Carlo Ancelotti surpreende ao escolher Rayan como titular do Brasil contra a Escócia, deixando Neymar no banco após recuperação e substituindo Raphinha; a decisão redefine o ataque na última rodada do Grupo C da Copa do Mundo 2026.
Rayan titular contra Escócia: por que Ancelotti mudou o ataque do Brasil
Ancelotti optou por Rayan como solução de velocidade e pressão pelos lados, abrindo mão de Raphinha como titular. A escolha sinaliza confiança no jovem de 19 anos e uma leitura clara do adversário: buscar dinamismo e transições rápidas para furar defesas compactas.
A decisão também mantém Neymar como opção no banco após recuperar-se de lesão na panturrilha direita, preservando o seu minuto a minuto e dando ao treinador alternativas ofensivas no segundo tempo.
Escalação provável do Brasil x Escócia
Alisson; Danilo, Marquinhos, Gabriel Magalhães e Douglas Santos; Casemiro e Bruno Guimarães; Rayan, Lucas Paquetá, Matheus Cunha e Vinícius Jr.
Luiz Henrique e Endrick começam entre os suplentes, com Neymar disponível caso o jogo peça talento e criação no terço final.

O que a mudança significa
Trazer Rayan eleva o ritmo e pressiona a saída de bola adversária, uma escolha coerente contra seleções que jogam fechadas. Substituir criatividade por intensidade mostra que Ancelotti prioriza controle territorial e rapidez nos contra-ataques.

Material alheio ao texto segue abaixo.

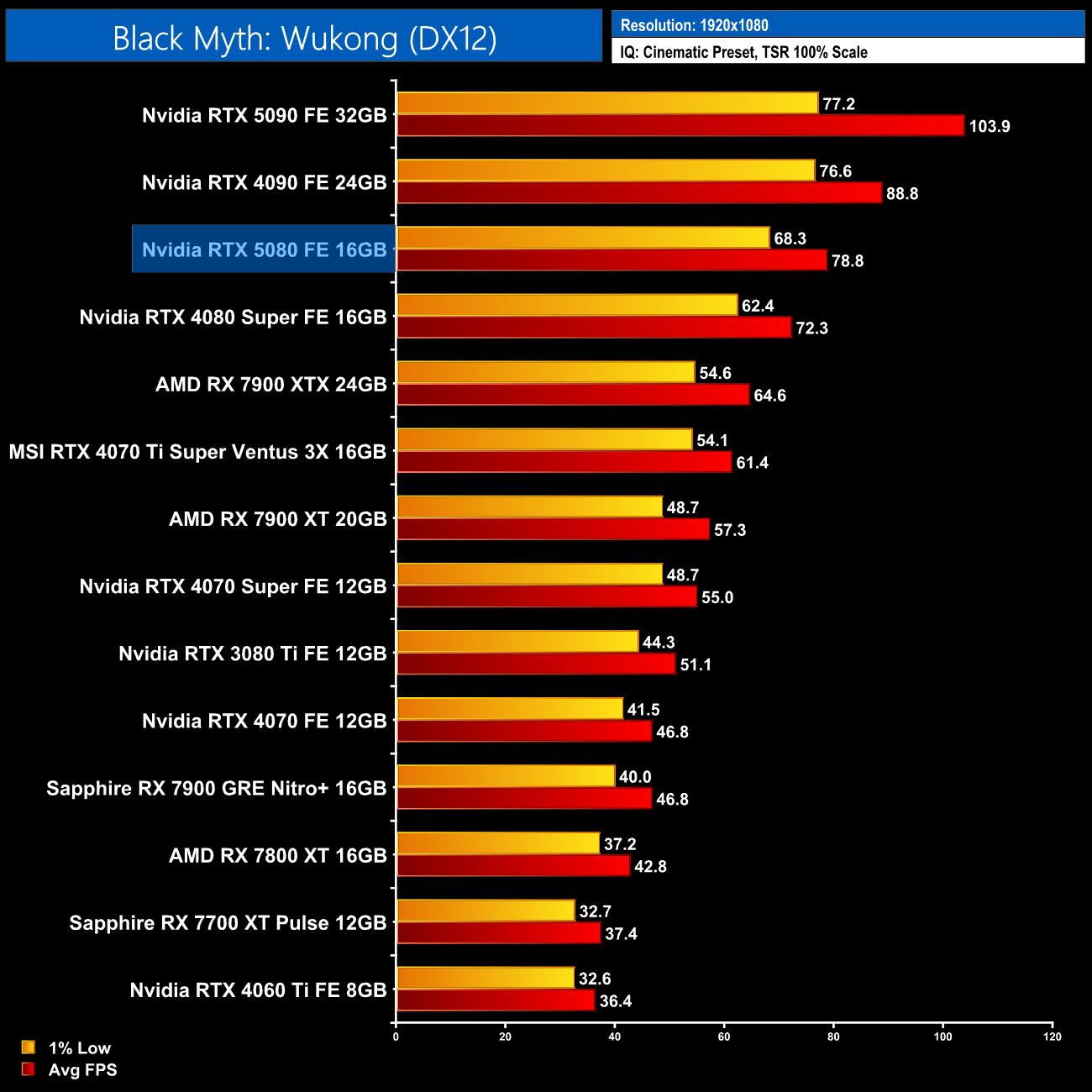Moving onto Black Myth: Wukong, at 1440p the RTX 5080 is good for 62fps on average, giving it a 12% lead over the 4080 Super. It's also 12% slower than the 4090, and 29% behind the 5090.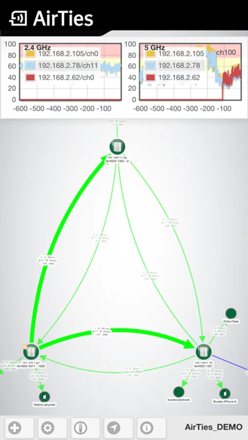 The AirTies Network Visualizer app allows you to monitor and manage AirTies Mesh Network topologies. With the app, you can access the home network, see the mesh health through various node and client color codings.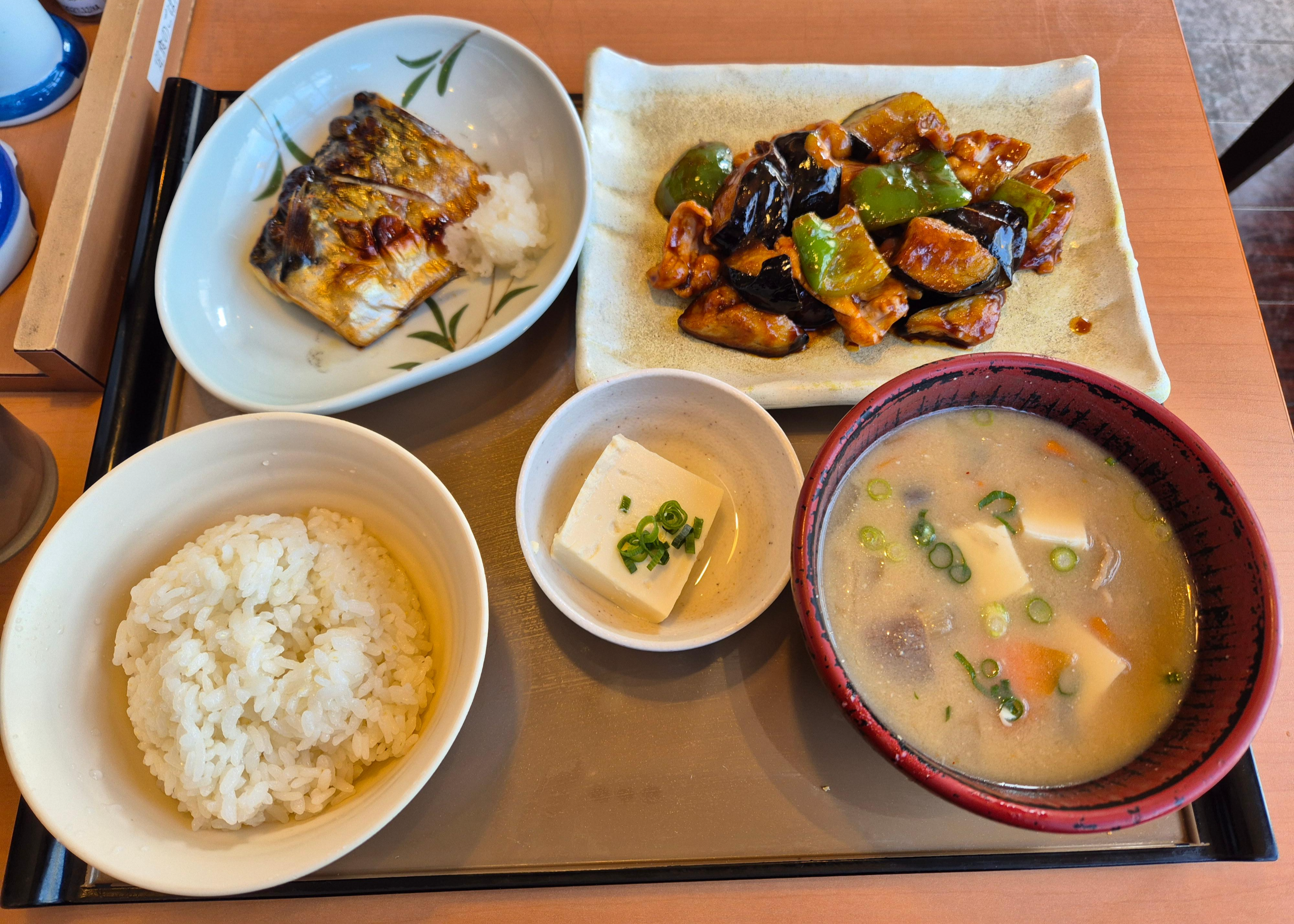 저는 가지,피망 고기 볶음+생선 정식에 톤지루를 시켜서 먹었습니다!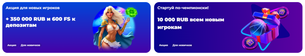 Для новых игроков предусмотрен щедрый приветственный пакет на первые три депозита. Обычно он выглядит следующим образом: на первый депозит начисляется 100% бонус от суммы пополнения и фриспины для популярных слотов; на второй депозит — 75% бонус и еще одна порция фриспинов; на третий депозит — 50% бонус и снова фриспины.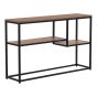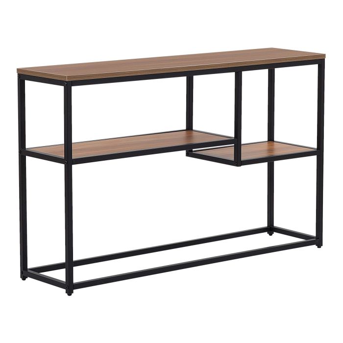 Functional and stylish, this console table fits into any modern, traditional or industrial-inspired setting. With its two shelves and a wide top, it offers plenty of space to store books, souvenirs and magazines. Whether placed in a living room, hallway or bedroom, it quickly became a useful addition to rooms' space. Details: Color: Dark Wood, Black. Main material: MDF. Additional material: Metal, MDF. Weight: 16 Assembly: Full Assembly Required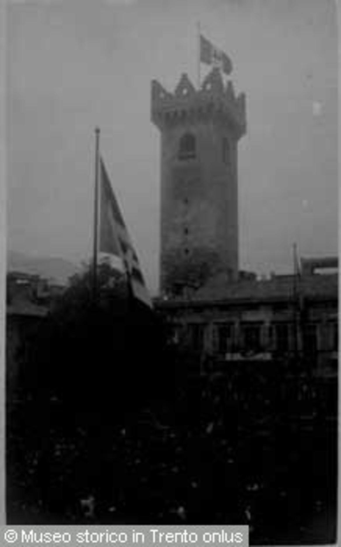 - TRENTO, PIAZZA DUOMO. FOLLA IN OCCASIONE DELLA CERIMONIA PER L'ANNESSIONE DEL TRENTINO ALL'ITALIA. SULLA TORRE CIVICA E NEL CENTRO DELLA PIAZZA BANDIERE ITALIANE. 10 OTT. 1920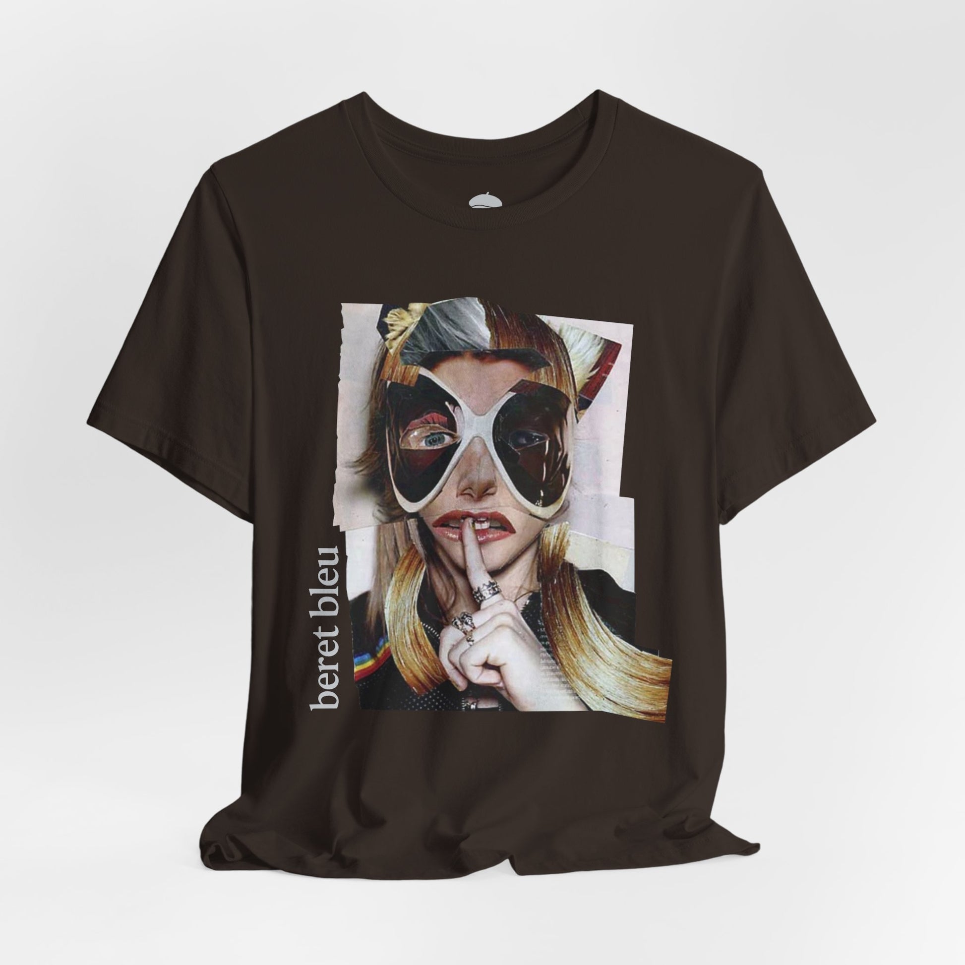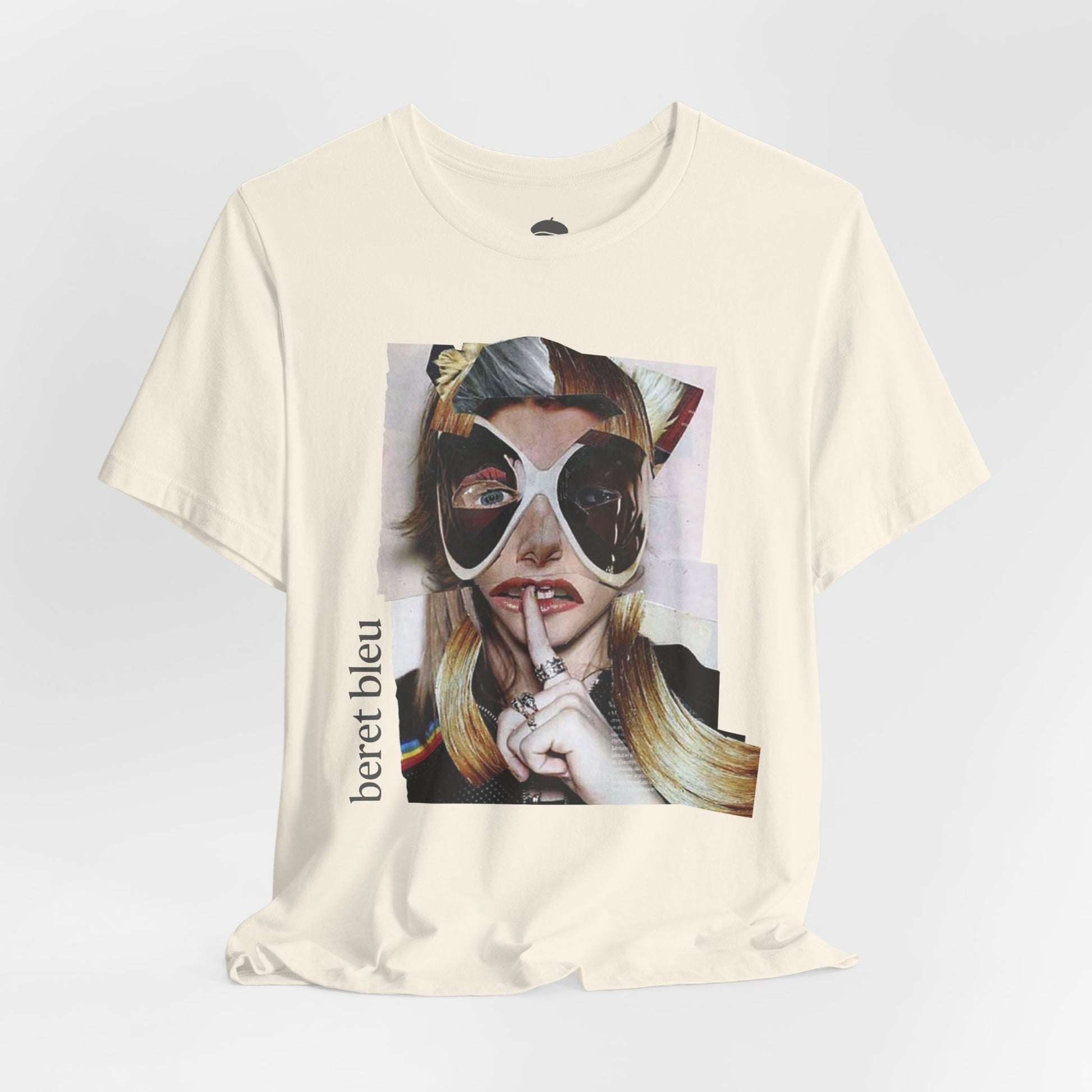 The collage features a woman holding a finger to her lips in a mischievous shhh, adding a dash of humor and attitude to your look. It's made for anyone who loves comfort with art, and style with a playful twist. It brings a little bold fun to every day.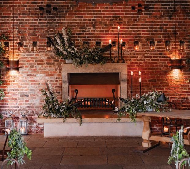 On May 12th, Alyx Vinieris Giancola, the daughter of bridal designer Rita Vinieris, married Simon Goodwin at Hazel Gap, a historic and lovingly restored brick barn venue on the Welbeck Estate in Nottinghamshire, UK. The site provided the perfect backdrop for the predominantly black and white color palette, a theme Rita described as "modern, chic, and ethereal in a minimalist way." The florals were a mix of greenery with whimsical wildflowers in keeping with the chosen coloration. Altogether, Alyx wore three different Rita Vinieris gowns throughout the celebration, progressing from ivory to black as the festivities progressed.
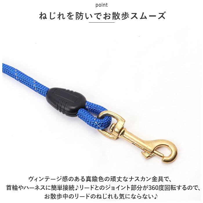 ・ヴィンテージ感のある真鍮色の頑丈なナスカン金具で、首輪やハーネスに簡単接続♪リードとのジョイント部分が360度回転するので、お散歩中のリードのねじれも気にならない♪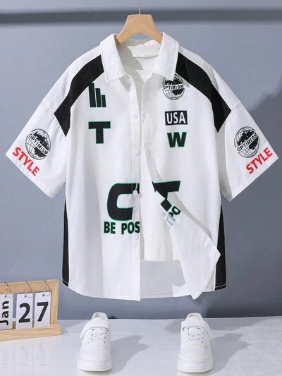 Tween Boys' Casual Street Style Letter Printed Turn-Down Collar Short Sleeve Loose Weave Shirt-46%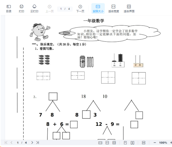 一上数学-人教单元测试卷-第四单元检测卷.doc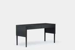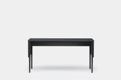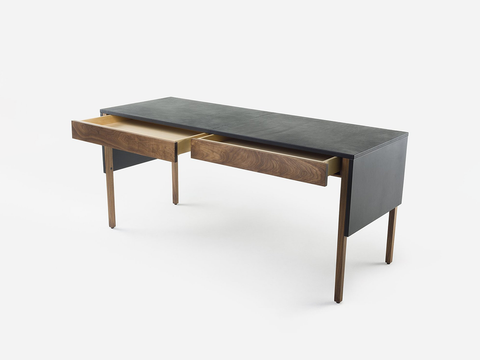 Drape Desk provides visual expression through thoughtful design: the leather-wrapped tabletop is articulated as a “drape” that falls over the table legs, lending a sense of continuity to the silhouette. Two drawers tucked underneath run the length of the table for ample storage. On the back, a flip down door reveals cable management.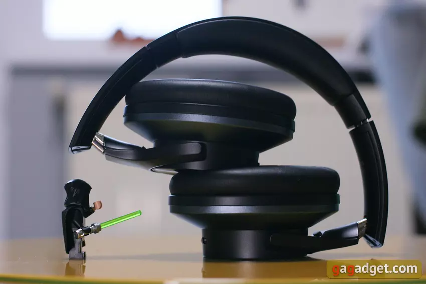 De OneOdio Focus A10 gesloten draadloze hoofdtelefoon met opvouwbare hoofdband en inzetbare oorkussens is een geweldig model waarbij de transparantiestand belangrijker (en inderdaad effectiever) is dan de ACP zelf. In de officiële winkel OneOdio op Aliexpress (onder voorbehoud van kortingen op het moment van publicatie) krijg je voor een nominale $ 50 een fatsoenlijk geluid zonder al te veel bas, een middelmatige ruisonderdrukking met uitstekende transparantie, een benijdenswaardige batterijduur, de mogelijkheid om bedraad te verbinden, werken met twee smartphones, nou ja, en gewoon een mooi, solide ding, dat kan worden opgevouwen tot een handige draagtas die gelijktijdige koppelingsmodus met twee apparaten ondersteunt (alles, zoals we willen).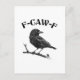 Esta es una ilustración monocromática creada profesionalmente que presenta un cuervo posado en una rama de árbol, representada con una textura de semitono distintiva para evocar una estética vintage. Posicionado de manera prominente sobre el ave está el texto estilizado y en negrita "F-CAW-F", que ofrece un giro humorístico que complementa el ambiente gótico y potencialmente espeluznante o con temática de Halloween del cuervo. La composición general combina elementos oscuros de estilo de tatuaje vintage con diseño gráfico retro.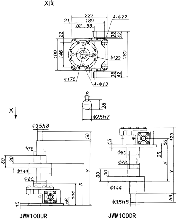 JWM100梯形絲杠升降機(jī)外形尺寸表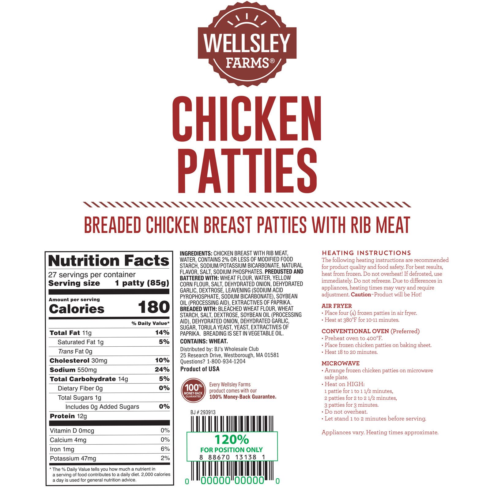 Wellsley Farms Chicken Patties are made from fully cooked and breaded white meat chicken. These chicken patties make great sandwiches or chicken burgers at gatherings with family and friends. The minimally processed chicken contains no artificial ingredients.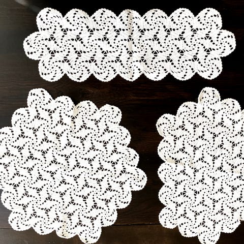 Heklet i bomullsgarn. Pris vil være forskjellig om de selges samlet el enkeltvis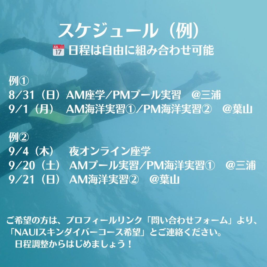 ✨ 受講希望は問い合わせフォームより、「NAUIスキンダイバーコース希望」とご連絡ください。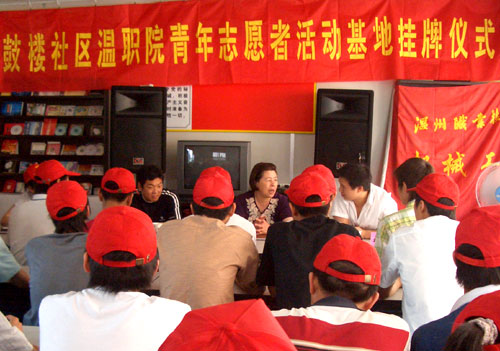 鼓楼社区党支部书记兼居委会主任林爱华与机械系辅导员梅碎彬老师,以及该系30多位青年志愿者参加了此次挂牌仪式。据了解,该基地成立后,青年志愿者们将开展社区文化科技宣传、卫生环保宣传,并参加社区的管理。志愿者们纷纷表示要积极为基地服务,不断丰富活动内容,让鼓楼社区成为“美丽温州”的一个亮丽窗口。

Manter Casemiro e Bruno Guimarães dá equilíbrio entre proteção e circulação. Essa combinação busca anular os avanços escoceses e alimentar as transições para Vinícius Jr. e Rayan.
Impacto no grupo e na classificação
Com a vitória sobre o Haiti, o Brasil soma quatro pontos e lidera o Grupo C. O confronto contra a Escócia, dia 24, às 19h (horário de Brasília), em Miami, decide a ponta do grupo e define adversários das fases seguintes.
Sair em primeiro pode oferecer confronto teoricamente mais favorável nas oitavas; por isso a aposta de Ancelotti tem peso estratégico além do resultado imediato.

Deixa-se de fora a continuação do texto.